P2: Do I provide one large index for all my 100,000 customers, adding a field for customer ID so searching can be constrained, so they won’t/can’t search across other customer’s documents, and then categorize company documents so customers can do multiple index searches into company documents?

After writing this out I realize that P2 is probably the wiser choice, less complicated, but I would like to hear from other Luceners.

Lucene in Action is one of the best written books in my library of ~300 CS books. It ranks in completeness and clarity up there with works by David Geary, Martin Fowler, and other Hatcher greats like Java Development with Ant. 

Thanks Otis and Erik.

Regards, Lawrence

---------------------------------------------------------------------
To unsubscribe, e-mail: java-user-unsubscribe@lucene.apache.org
For additional commands, e-mail: java-user-help@lucene.apache.org


Re: 100,000 indexes and what to do

Posted by Paul Elschot <pa...@xs4all.nl>.
On Saturday 11 March 2006 08:07, Lawrence wrote:
> Hi all,
> 
> 
> 
> I was reading one of the posting on concurrency and I reread section 9.1 in 
Lucene in Action which lead me to this question. I have 100,000 customers and 
I want to provide them with personal searching for their documents and 
sometimes to include company documents in that search.
> 
> 1.	100,000 customers with 10-20 small document each.
> 2.	Company 5,000 documents, specification, papers, research, etc.
> 3.	Customers can search their own documents and company document.
> 
> P1: Do I provide an index for each customer and allow them multiple index 
searching, into company document when they need it?
> 
> OR
> 
> P2: Do I provide one large index for all my 100,000 customers, adding a 
field for customer ID so searching can be constrained, so they won’t/can’t 
search across other customer’s documents, and then categorize company 
documents so customers can do multiple index searches into company documents?
> 
> After writing this out I realize that P2 is probably the wiser choice, less 
complicated, but I would like to hear from other Luceners.

In case you have many customers searching at the same time, compact filters
can help reduce memory requirements:
http://issues.apache.org/jira/browse/LUCENE-328
A BitSet filter uses one bit per indexed document, and a compact filter uses 
one or three bytes per indexed document passing the filter.
When there are 100 different customers searching in their own docs at the
same time, assuming there are 100,000 * 20 docs in the customer index:
- BitSet filters will use 100 * (100,000 * 20) / 8 bytes,
- compact filters will use roughly 100 * 20 * 2  bytes.
The ratio between these is roughly 100,000 / 16 or about 6000.

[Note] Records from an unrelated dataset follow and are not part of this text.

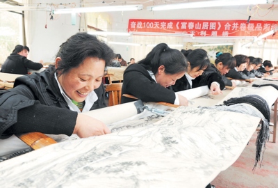 2010年底,毛勇臻經(jīng)多方努力,求得一幅《富春山居圖》合并卷全圖復(fù)制件,力邀省內(nèi)知名文博專家、原長沙市博物館副館長魏明擔(dān)綱成立繡研專家組,湘繡藝術(shù)家羅國斌、黃歡愉等專家指導(dǎo)天利湘繡公司20多位刺繡大師,按照1∶1的比率,繡制長達(dá)10米的《富春山居圖》極品湘繡合并卷。
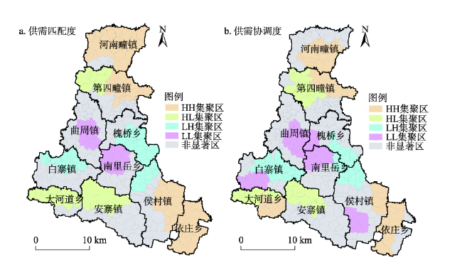 Figure 5 Local spatial agglomeration of ecosystem service supply and demand matching degree (a) and coordination degree (b) of Quzhou County, 2015图5 2015年曲周县生态系统服务供需匹配度(a)、供需协调度(b)局部空间自相关分布 |
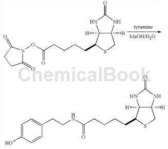 Vitaminol was prepared as follows: To a suspension of N-hydroxysuccinimidyl biotin (6.2 mg, 18.2 μmol) in 500 μL methanol was added 1-propanolamine (1.39 μL, 20.0 μmol). After stirring for 24 hours at 37°C, the resulting solution was purified by reverse-phase HPLC (dp5μ, 10mm × 25cm, 2mL/min, 40 to 75% acetonitrile/water in 15 minutes, retention time: 12.1 minutes) to give vitamin phenol (4.8mg, 88%): 1HNMR (500MHz, CD3OD) δ4.49 (dd, J=8.0, 5.0Hz, 1H), 4.30 (ddJ=8.0, 5.0Hz, 1H), 3.57 (t, J=6.5Hz , 2H), 3.35 (t, J=7.0Hz, 2H), 3.31 (m, 1H), 3.02 (dd, J=13.0, 5.0Hz, 1H), 2.79 (d, J=12.5Hz, 1H), 2.30 (t, J=7.5Hz, 2H), 1.70 (m, 4H), 1.63 (m, 2H) 1.43 (m, 2H); 13CNMR (125MHz, CD3OD) δ176.3, 63.4, 61.6, 60.4, 57.0, 41.0 , 37.4, 36.8, 33.2, 29.8, 29.5, 26.9; FT-IR (thin film) 3287, 3083, 2920, 2863, 1701, 1685, 1632, 1620, 1543, 1509, 1478, 1458, 1323, 1265, 1240, 1205 , 1142, 1073, 1051cm-1C13H24N3O3S calculated HRMS (TOFES) value 302.1538m/z (M+H)+; observed 302.1528 (3.3ppm error).
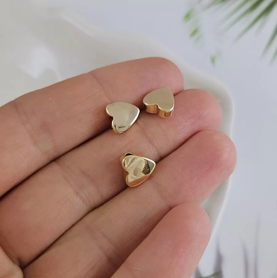 Бусина-разделитель «Сердце» 8×7.8×3.7 мм, отверстие ~1.5 мм, позолота 14К, латунь (арт. 9919-З)
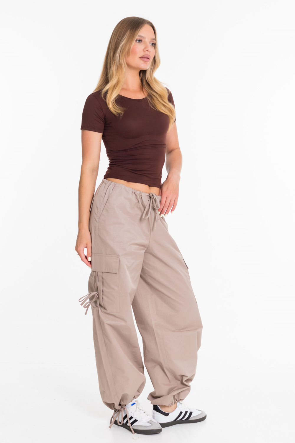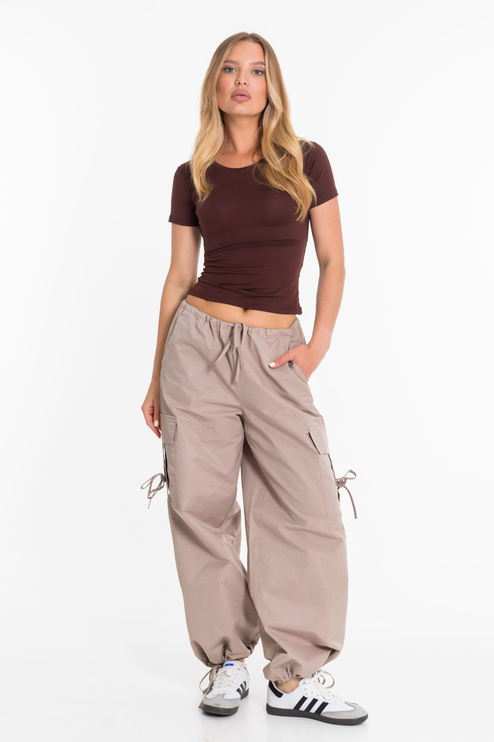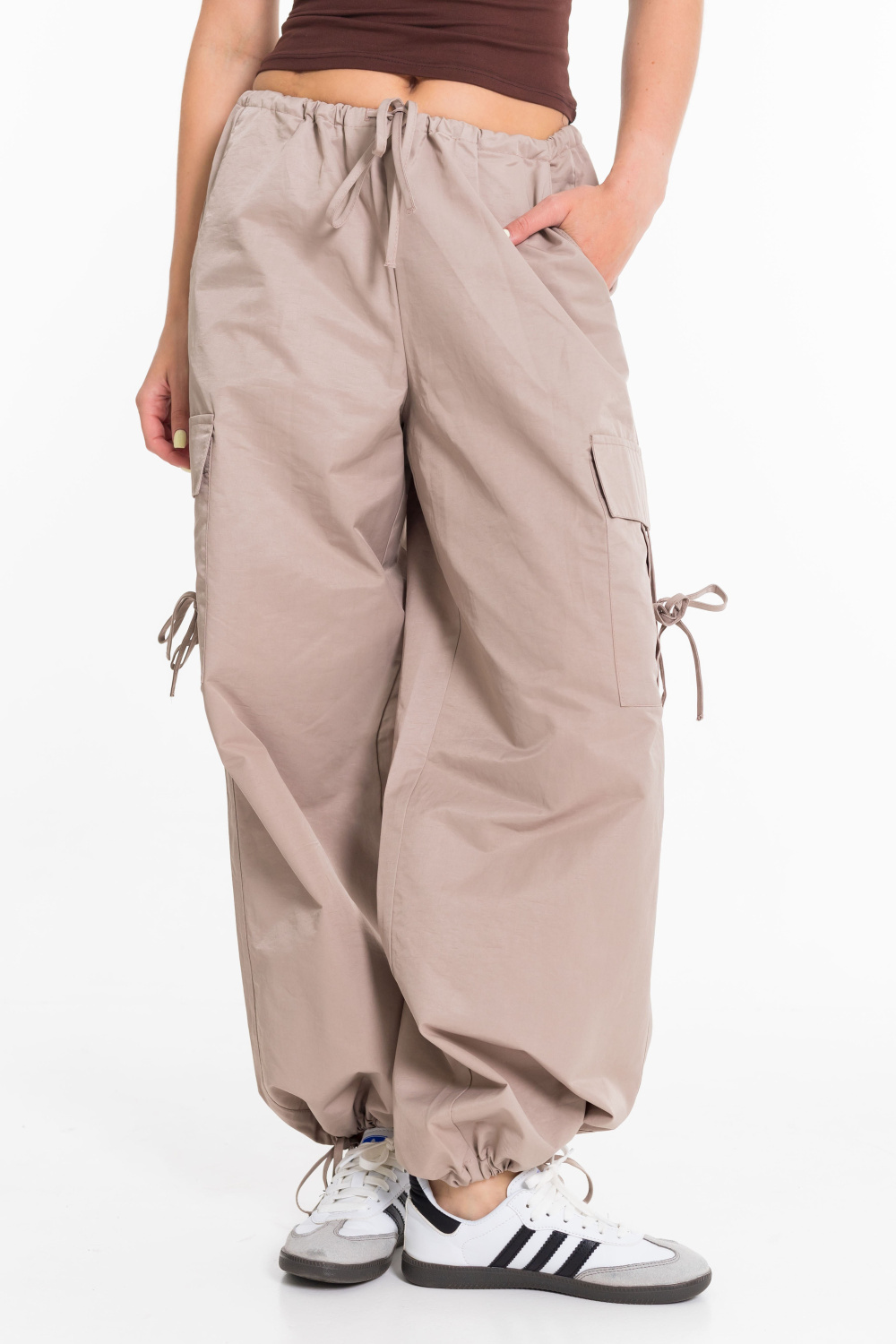 Женские брюки-карго из плащевой ткани сочетают в себе практичность и современный стиль. Модель свободного кроя с регулируемым поясом на шнуре обеспечивает удобную посадку и не сковывает движений. Прочное и легкое плащевое полотно дарит комфорт в течение всего дня, а функциональный дизайн с множеством карманов и стильными затяжками позволяет легко сочетать брюки как с объемными худи и кроссовками, так и с облегающими топами и кедами. Отличный вариант для повседневных уличных образов.
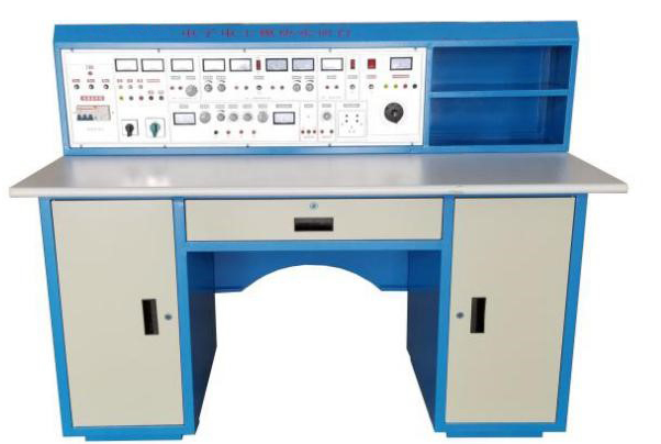 采用鐵質(zhì)雙層亞光噴塑結構,右邊是儀器存放格。桌子中間是抽屜,放置常用工具,桌子下部左右是元件儲存柜,放置實(shí)驗元器件。桌中央配置通用九孔電路板(尺寸:35×30cm ),根據實(shí)驗電路在其上任意拼插元件盒成實(shí)驗電路,元件盒盒體透明直觀(guān),內裝元件一目了然,盒蓋印有永不褪色元件符號,盒蓋與盒體結合采用較科學(xué)的壓卡式結構,維修拆裝方便。每張臺桌配有一粒膠皮板,保護通用底板與桌面(如需在桌上放置工具、焊接等)。
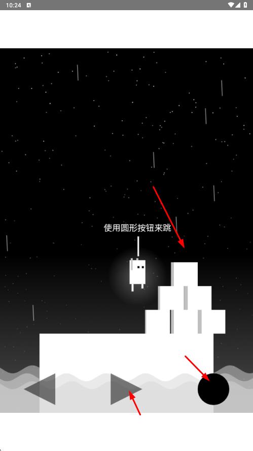 2、按照指引【使用圓形按鈕來跳】,點(diǎn)擊右側(cè)【圓形按鈕】觸發(fā)跳躍,跨越階梯狀白色障礙前進(jìn)。
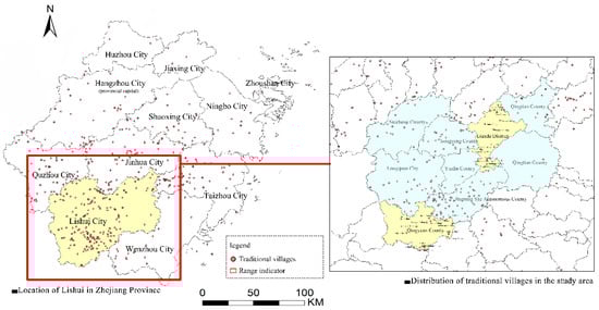 Fuzzy-set QCA (fsQCA) requires that selected cases have sufficient similarity (in background or characteristics) to be comparable in certain dimensions. To strengthen the external effectiveness of the results and facilitate the full comparison of cases, case selection should also pursue the maximum heterogeneity between cases [22]. Twenty-eight national traditional villages in Liandu District and Qingyuan County, which contains Lishui City, were selected as research cases for the purposes of this study accordingly (Figure 3). Among them, Liandu District, as the administrative center of Lishui City, intuitively reflects the impact of urbanization on traditional suburban villages. Qingyuan County is located to the east of Lishui City and at the junction of Zhejiang and Fujian provinces. Most of its traditional villages are located in regions with relatively remote geographical locations and ineffective traffic and economic conditions. Therefore, it is highly representative of the characteristics at play in the protection and development of traditional villages.
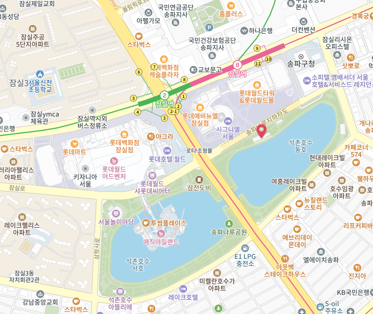 ▷ 2호선 잠실역 2번 출구 → 도보 5분
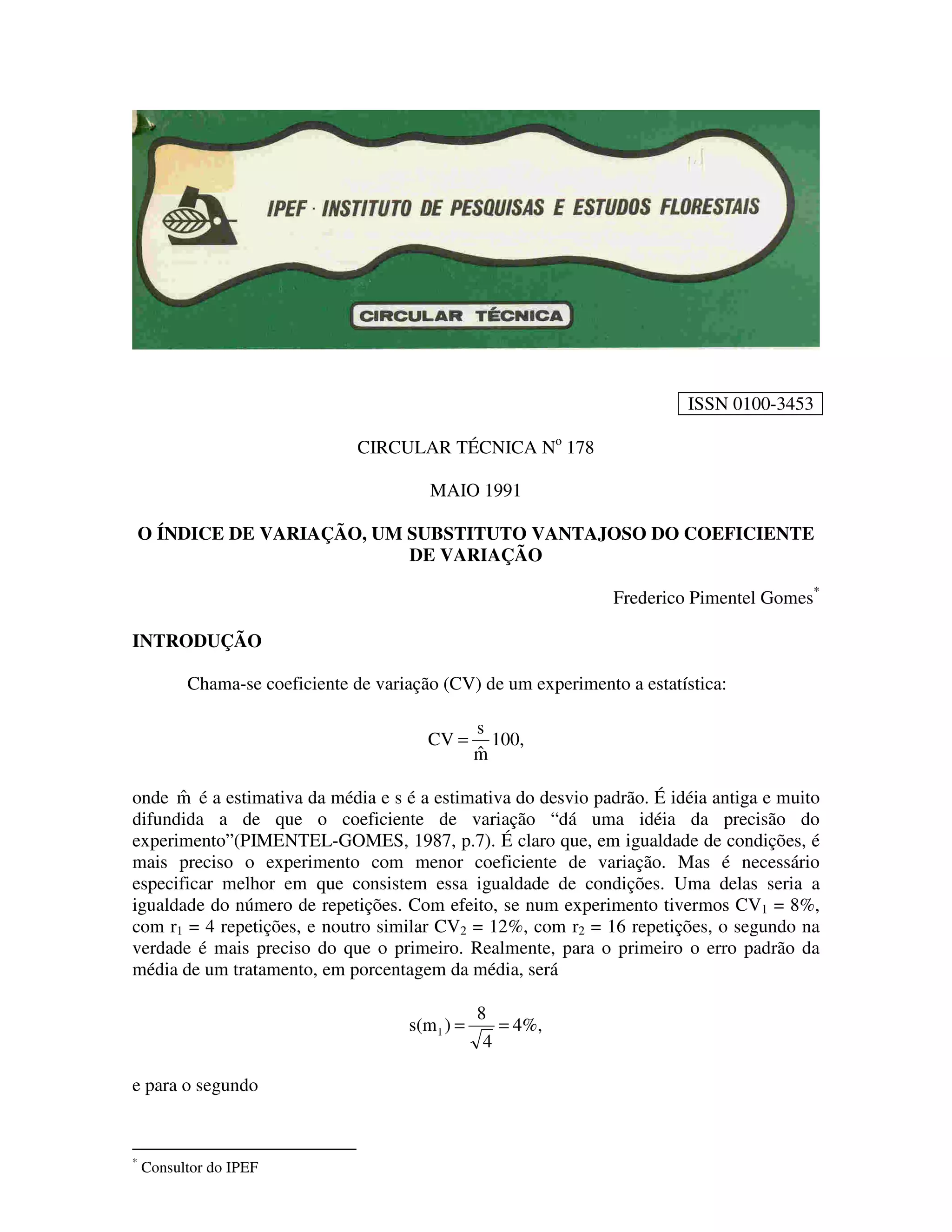 Este documento introduz o índice de variação como uma estatística alternativa ao coeficiente de variação para avaliar a precisão de experimentos. O índice de variação leva em conta o número de repetições do experimento, ao contrário do coeficiente de variação. Experimentos com menor índice de variação tendem a ser mais precisos. O tamanho ideal das parcelas em experimentos florestais deve ser escolhido para minimizar o índice de variação.
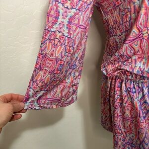 This adorable coverup is in good condition! Split v-neckline, roll tab sleeves, elastic drawstring waist. Perfect for looking stylish by the pool!
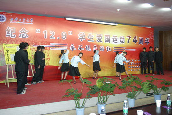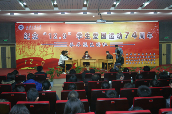 晚上,由校学生自编自演的话剧“永不褪色的红”在报告厅精彩上演。话剧的前两幕重现了1935年“12.9”运动那一历史时期北平学生的爱国壮举。同学们的精彩表演令人振奋,仿佛把观众带到了那个战火弥漫却人心团结、爱国情怀高涨的年代。话剧三四幕又采用了“分割镜头”的表现手法,将时空转换到当代大学生活中来,以大学生开展纪念“12.9”运动学生活动为主线,表现了当代大学生对于“12.9”爱国运动的认识与思考,使大家更深一步了解了当时的历史,进一步深化了对弘扬爱国主义精神的认识。整个话剧演出高潮迭起,赢得了现场观众的阵阵掌声。
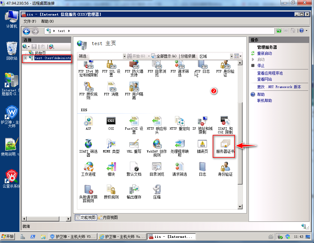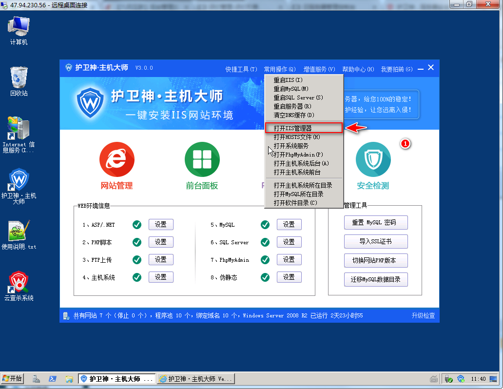 一,打開護衛(wèi)神主機大師面板-常用操作-打開IIS管理器,如下圖1
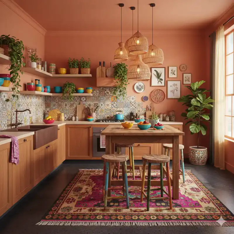 A warm, sunlit kitchen with natural wood textures, earthy to...
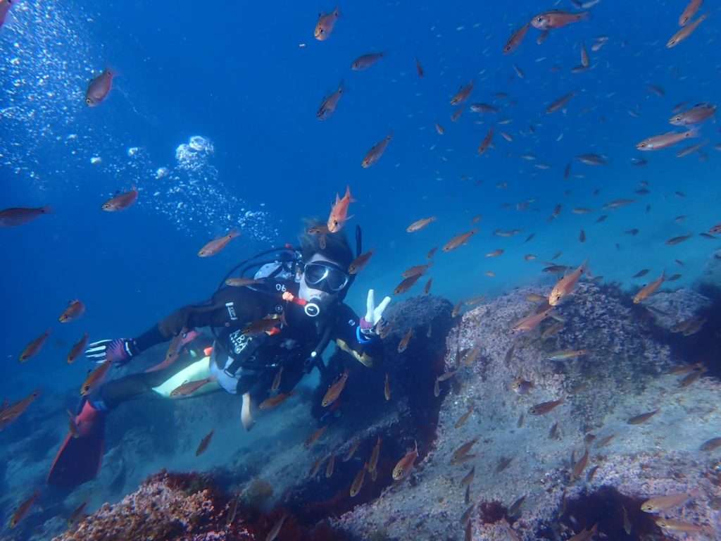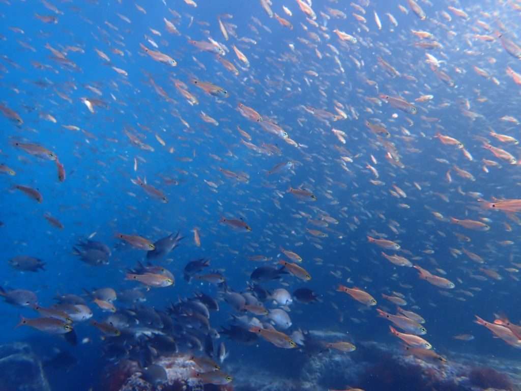 スズメダイやネンブツダイに囲まれると幸せな気持ちになります!
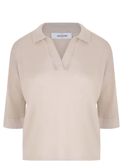 -Модель свободного силуэта, стилизованная под поло, с рукавами длины 1/2, отложным воротником, глубоким V-образным вырезом на груди и декоративными сетчатыми вставками.
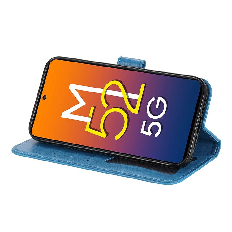 Phone Cover Flip Mobile Phone Case Imprinted Flower Pattern TPU+PU Leather Stand Wallet with Lanyard for Samsung Galaxy M52 5G - Blue

Since the company docs will not need to be filtered, you can put these in a
separate index, and write your own MultiSearcher that filters only on the
customer index.

Regards,
Paul Elschot

---------------------------------------------------------------------
To unsubscribe, e-mail: java-user-unsubscribe@lucene.apache.org
For additional commands, e-mail: java-user-help@lucene.apache.org


Re: 100,000 indexes and what to do

Posted by Chris Lu <ch...@gmail.com>.
I think it's best to have one small index for each customer, and one
large index for company's index.

Merging customers' contents with the main index will cost a lot of
resources, slowing down systems, while actually not necessary. If
indexing is done by batch job, there'll be a delay between content
updated time and index refreshed time. This maybe acceptable for some
cases, but usually for users' own content, they want to search it
right away.

With small individual customer index, indexing won't cost any time for
10~20 small documents. Customers can search their content right after
content is updated.

Chris Lu
-------------------------------
Full-Text Search on Any Databases
http://www.dbsight.net

On 3/10/06, Lawrence <lu...@savant-is.com> wrote:
> Hi all,
>
>
>
> I was reading one of the posting on concurrency and I reread section 9.1 in Lucene in Action which lead me to this question. I have 100,000 customers and I want to provide them with personal searching for their documents and sometimes to include company documents in that search.
>
> 1.      100,000 customers with 10-20 small document each.
> 2.      Company 5,000 documents, specification, papers, research, etc.
> 3.      Customers can search their own documents and company document.
>
> P1: Do I provide an index for each customer and allow them multiple index searching, into company document when they need it?
>
> OR
>
> P2: Do I provide one large index for all my 100,000 customers, adding a field for customer ID so searching can be constrained, so they won't/can't search across other customer's documents, and then categorize company documents so customers can do multiple index searches into company documents?
>
> After writing this out I realize that P2 is probably the wiser choice, less complicated, but I would like to hear from other Luceners.
>
> Lucene in Action is one of the best written books in my library of ~300 CS books. It ranks in completeness and clarity up there with works by David Geary, Martin Fowler, and other Hatcher greats like Java Development with Ant.
>
> Thanks Otis and Erik.
>
> Regards, Lawrence
>
> ---------------------------------------------------------------------
> To unsubscribe, e-mail: java-user-unsubscribe@lucene.apache.org
> For additional commands, e-mail: java-user-help@lucene.apache.org
>
>

---------------------------------------------------------------------
To unsubscribe, e-mail: java-user-unsubscribe@lucene.apache.org
For additional commands, e-mail: java-user-help@lucene.apache.org


Re: 100,000 indexes and what to do

Posted by Otis Gospodnetic <ot...@yahoo.com>.
Lawrence,

Thanks for the LIA compliments.
In addition to what Paul and Chris already mentioned, keep in mind open files (also covered in LIA).  If you have 100K separate indices, that means a lot of open file descriptors.  One common index doesn't have this problem.  Separate indices are still possible, you just have to be smart about keeping track of used and unused indices and diligent about managing and freeing up resources.

Otis


----- Original Message ----
From: Lawrence <lu...@savant-is.com>
To: java-user@lucene.apache.org
Sent: Saturday, March 11, 2006 2:07:29 AM
Subject: 100,000 indexes and what to do

Hi all,



I was reading one of the posting on concurrency and I reread section 9.1 in Lucene in Action which lead me to this question. I have 100,000 customers and I want to provide them with personal searching for their documents and sometimes to include company documents in that search.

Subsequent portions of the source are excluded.